Она: Мне хочется жить.
Он (улыбаясь): Страх подданных – дело понятное, а на прихоть женщин-повелительниц нет управы.
Она: Боже мой, неужели это прихоть?
Он: Мы никуда больше не поедем.
Она: Я никуда и не хочу ехать, от себя никуда не убежишь. Но мне грустно и горько!..
Он: Императору приходится больше любить замки, чем сытые города, воинов больше купцов, битвы – больше мира.
Она: Боже, я никогда не знала, что судьба императрицы может быть столь тяжелой!
Он: Церковь требует мира, а я хочу распрей.
Она: Человек должен жить красотой, добром, правдой, иначе – зачем тогда жить?
Он: Величие изнуряет, к этому следует быть готовым всегда. Величие – это зверь, который требует каждый раз новой поживы. Зато ничто не может быть выше величия!
Она: А кто ответит мне взаимностью на мой вздох, на мой крик, на мой поцелуй?
Он: В Саксонии снова бунтуют бароны. А эта всесветная блудница Матильда Тосканская женила на себе глуповатого мальчишку – Вельфа Баварского.
Она: Я ничего не желаю знать об этих людях! Какое мне дело до них?
Он: Про Карла Великого сказано, что он большее внимание уделял государственной пользе, нежели упорству отдельного лица. Хотел бы напомнить вам еще, что Карл весьма любил чужеземцев и проявлял большую заботу, дабы достойно принять их, так что число их оказывалось небезосновательно обременительным не только для двора, но и для всего государства. Но он, по величию души, не придавал значения таким соображениям, ибо и наибольшие неудобства в этом случае вознаграждались: щедрость всегда славят и доброе имя всегда ценят. Императоры Священной Римской империи брали в жены греческих принцесс, но русской принцессы не имел за собой еще никто из них. Я первый, и вы – первая. Что может быть прекрасней?
Она: Стать императрицей и перестать быть человеком? Иль человеческое заказано императорам?
Он: Простолюдины всегда нетерпеливы, ибо им не видно, что впереди.

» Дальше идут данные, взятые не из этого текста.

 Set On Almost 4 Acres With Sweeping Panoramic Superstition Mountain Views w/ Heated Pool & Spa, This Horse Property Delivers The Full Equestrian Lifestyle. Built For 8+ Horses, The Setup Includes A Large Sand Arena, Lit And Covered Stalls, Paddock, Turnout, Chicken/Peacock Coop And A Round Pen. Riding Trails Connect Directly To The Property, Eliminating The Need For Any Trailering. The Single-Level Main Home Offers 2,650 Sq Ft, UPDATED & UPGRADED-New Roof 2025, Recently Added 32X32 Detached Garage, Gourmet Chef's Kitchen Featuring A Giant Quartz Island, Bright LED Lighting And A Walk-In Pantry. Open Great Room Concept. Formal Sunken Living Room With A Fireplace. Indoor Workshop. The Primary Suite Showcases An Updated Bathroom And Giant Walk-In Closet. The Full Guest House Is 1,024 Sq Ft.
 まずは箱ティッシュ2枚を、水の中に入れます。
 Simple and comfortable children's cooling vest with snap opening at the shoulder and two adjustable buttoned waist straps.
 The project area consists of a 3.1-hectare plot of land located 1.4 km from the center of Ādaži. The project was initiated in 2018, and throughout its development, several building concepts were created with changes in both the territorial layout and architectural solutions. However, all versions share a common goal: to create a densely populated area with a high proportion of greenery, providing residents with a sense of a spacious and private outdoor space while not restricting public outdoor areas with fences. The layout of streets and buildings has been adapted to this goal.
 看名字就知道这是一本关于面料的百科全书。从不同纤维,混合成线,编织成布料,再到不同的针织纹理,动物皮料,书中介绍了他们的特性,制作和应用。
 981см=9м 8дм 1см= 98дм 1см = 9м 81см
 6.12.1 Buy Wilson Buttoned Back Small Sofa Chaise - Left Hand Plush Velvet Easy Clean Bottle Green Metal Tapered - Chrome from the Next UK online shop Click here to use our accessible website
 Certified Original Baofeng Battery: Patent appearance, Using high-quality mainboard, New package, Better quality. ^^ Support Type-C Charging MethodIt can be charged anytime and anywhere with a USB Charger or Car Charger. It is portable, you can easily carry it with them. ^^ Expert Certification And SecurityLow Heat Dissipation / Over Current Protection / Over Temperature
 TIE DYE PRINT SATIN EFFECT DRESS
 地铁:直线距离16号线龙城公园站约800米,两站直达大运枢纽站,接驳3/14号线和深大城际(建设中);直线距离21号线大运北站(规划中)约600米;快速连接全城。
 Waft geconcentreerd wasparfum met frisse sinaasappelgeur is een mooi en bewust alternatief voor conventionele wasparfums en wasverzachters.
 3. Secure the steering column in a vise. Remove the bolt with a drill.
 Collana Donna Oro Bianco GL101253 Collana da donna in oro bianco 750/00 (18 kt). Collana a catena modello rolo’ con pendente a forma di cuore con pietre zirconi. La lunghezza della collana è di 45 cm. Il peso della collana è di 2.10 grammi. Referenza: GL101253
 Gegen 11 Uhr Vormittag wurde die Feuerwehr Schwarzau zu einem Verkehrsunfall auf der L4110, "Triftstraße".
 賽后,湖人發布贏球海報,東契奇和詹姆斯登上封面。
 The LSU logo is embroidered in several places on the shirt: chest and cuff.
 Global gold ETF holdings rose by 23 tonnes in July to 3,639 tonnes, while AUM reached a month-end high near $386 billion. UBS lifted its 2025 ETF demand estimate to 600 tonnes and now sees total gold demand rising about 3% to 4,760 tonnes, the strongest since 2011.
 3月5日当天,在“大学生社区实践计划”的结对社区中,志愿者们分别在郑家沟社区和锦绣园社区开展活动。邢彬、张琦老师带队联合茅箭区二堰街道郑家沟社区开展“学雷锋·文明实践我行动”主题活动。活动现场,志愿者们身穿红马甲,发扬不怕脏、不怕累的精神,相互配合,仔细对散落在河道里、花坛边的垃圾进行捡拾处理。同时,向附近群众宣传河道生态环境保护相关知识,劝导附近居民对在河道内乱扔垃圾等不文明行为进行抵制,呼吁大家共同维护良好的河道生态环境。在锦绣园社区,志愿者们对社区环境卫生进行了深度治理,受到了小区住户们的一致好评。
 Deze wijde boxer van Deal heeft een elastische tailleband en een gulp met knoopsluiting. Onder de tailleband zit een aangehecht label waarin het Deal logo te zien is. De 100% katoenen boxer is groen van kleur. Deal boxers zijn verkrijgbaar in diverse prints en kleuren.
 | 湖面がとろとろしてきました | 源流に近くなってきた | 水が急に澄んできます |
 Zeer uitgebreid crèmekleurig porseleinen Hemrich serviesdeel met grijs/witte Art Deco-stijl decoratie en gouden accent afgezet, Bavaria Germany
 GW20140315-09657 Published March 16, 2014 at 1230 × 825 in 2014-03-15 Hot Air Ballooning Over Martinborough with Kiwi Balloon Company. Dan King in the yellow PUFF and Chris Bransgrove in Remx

Она: И мне тоже не видно! Ничего не видно! Не надеюсь ни на что! Не жду ничего!
Генрих со спокойным недоумением смотрел на брови императрицы, бесстыдно взлетавшие вверх; замкнутый в себе, он был неприступен для страстей, терзавших женщину. Кто не сеет, у того не уродит. Глухота полностью отрезала его от мира, в него вселилось равнодушие человека, вознесенного так высоко, что для него уже исчезает беспредельное разнообразие, неодинаковость всего земного. Время одинаково, мир вокруг одинаков – чему было тревожиться? Но он оставался человеком, пусть и высоко вознесенным, – он тревожился, он с тревожной неуверенностью думал о своей императрице… Всю жизнь жаждал одиночества, а когда оно пришло, по неумной прихоти пожелал иметь возле себя это нежное существо. Теперь вот казнился и ярился. Жена – помощник, единомышленник, вторая половина твоего естества, твое дополнение, сообщник в замыслах твоих, сила, встающая на твою защиту, если б даже нужно было бороться против всего мира. Может, правда, стать и врагом, скрытым, упрямым, неподкупно-неумолимым, страшным в своей непостижимости и непоследовательности. Но и тогда тебе легче; знаешь, кто пред тобой. Хуже всего неопределенность, неуловимость, загадочность. Тогда угрозы подстерегают отовсюду, а откуда точно – не поймешь и не отгадаешь, и жизнь совместная становится дурным сном, – в его тисках задыхаешься, высвободиться не в состоянии, но и тебе не дано задохнуться до конца, мучишься, мучишься, и нет тому конца.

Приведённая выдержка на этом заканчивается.